WHAT YOU HAVE TO DO
Only the pictures are dropped; the lines of the material that follow are returned exactly.

RAW DATA
::::
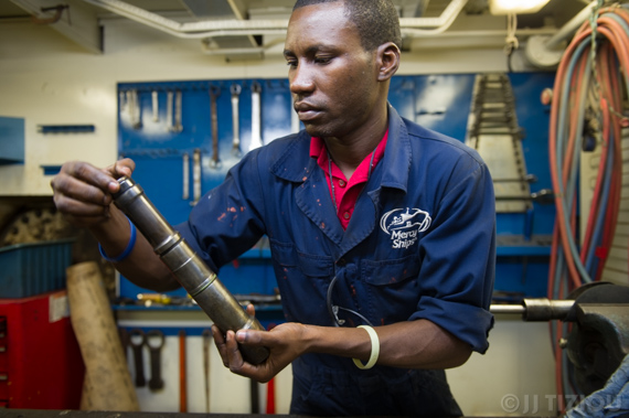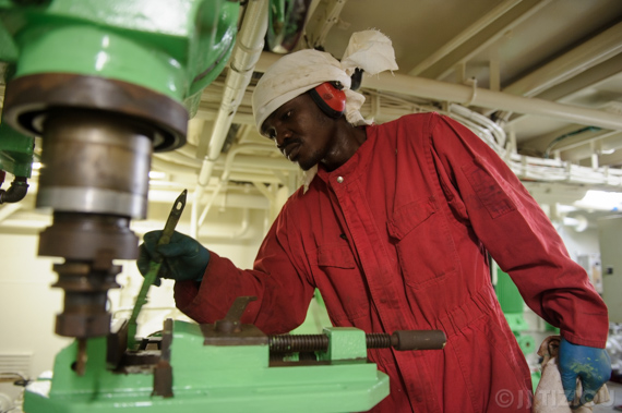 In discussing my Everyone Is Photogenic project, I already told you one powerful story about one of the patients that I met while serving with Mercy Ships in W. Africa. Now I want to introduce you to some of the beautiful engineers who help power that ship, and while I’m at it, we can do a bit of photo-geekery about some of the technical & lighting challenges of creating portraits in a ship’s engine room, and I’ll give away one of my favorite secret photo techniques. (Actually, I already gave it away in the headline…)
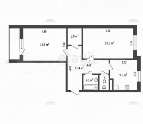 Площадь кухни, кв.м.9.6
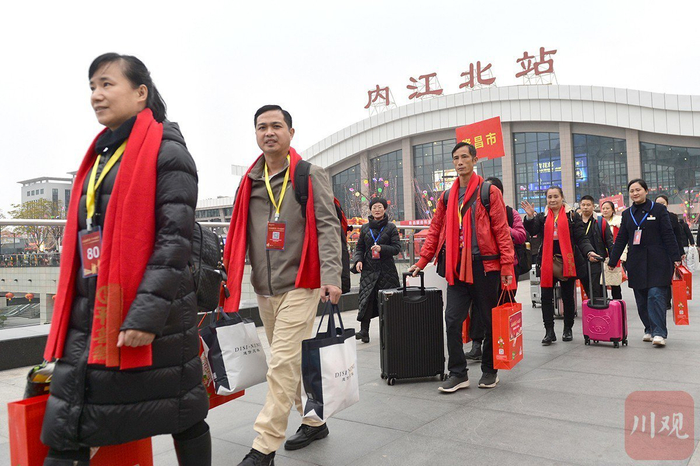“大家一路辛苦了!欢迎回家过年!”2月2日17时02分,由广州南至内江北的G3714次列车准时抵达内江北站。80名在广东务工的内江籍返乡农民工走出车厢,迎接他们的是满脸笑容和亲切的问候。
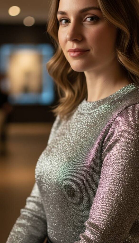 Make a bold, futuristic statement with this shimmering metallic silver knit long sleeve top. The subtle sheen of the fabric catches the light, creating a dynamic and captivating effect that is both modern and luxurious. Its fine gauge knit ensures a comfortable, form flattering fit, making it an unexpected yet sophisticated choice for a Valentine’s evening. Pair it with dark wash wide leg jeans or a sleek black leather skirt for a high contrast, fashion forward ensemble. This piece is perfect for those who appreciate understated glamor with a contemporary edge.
::::
FINAL ANSWER
 In discussing my Everyone Is Photogenic project, I already told you one powerful story about one of the patients that I met while serving with Mercy Ships in W. Africa. Now I want to introduce you to some of the beautiful engineers who help power that ship, and while I’m at it, we can do a bit of photo-geekery about some of the technical & lighting challenges of creating portraits in a ship’s engine room, and I’ll give away one of my favorite secret photo techniques. (Actually, I already gave it away in the headline…)
 Площадь кухни, кв.м.9.6
“大家一路辛苦了!欢迎回家过年!”2月2日17时02分,由广州南至内江北的G3714次列车准时抵达内江北站。80名在广东务工的内江籍返乡农民工走出车厢,迎接他们的是满脸笑容和亲切的问候。
 Make a bold, futuristic statement with this shimmering metallic silver knit long sleeve top. The subtle sheen of the fabric catches the light, creating a dynamic and captivating effect that is both modern and luxurious. Its fine gauge knit ensures a comfortable, form flattering fit, making it an unexpected yet sophisticated choice for a Valentine’s evening. Pair it with dark wash wide leg jeans or a sleek black leather skirt for a high contrast, fashion forward ensemble. This piece is perfect for those who appreciate understated glamor with a contemporary edge.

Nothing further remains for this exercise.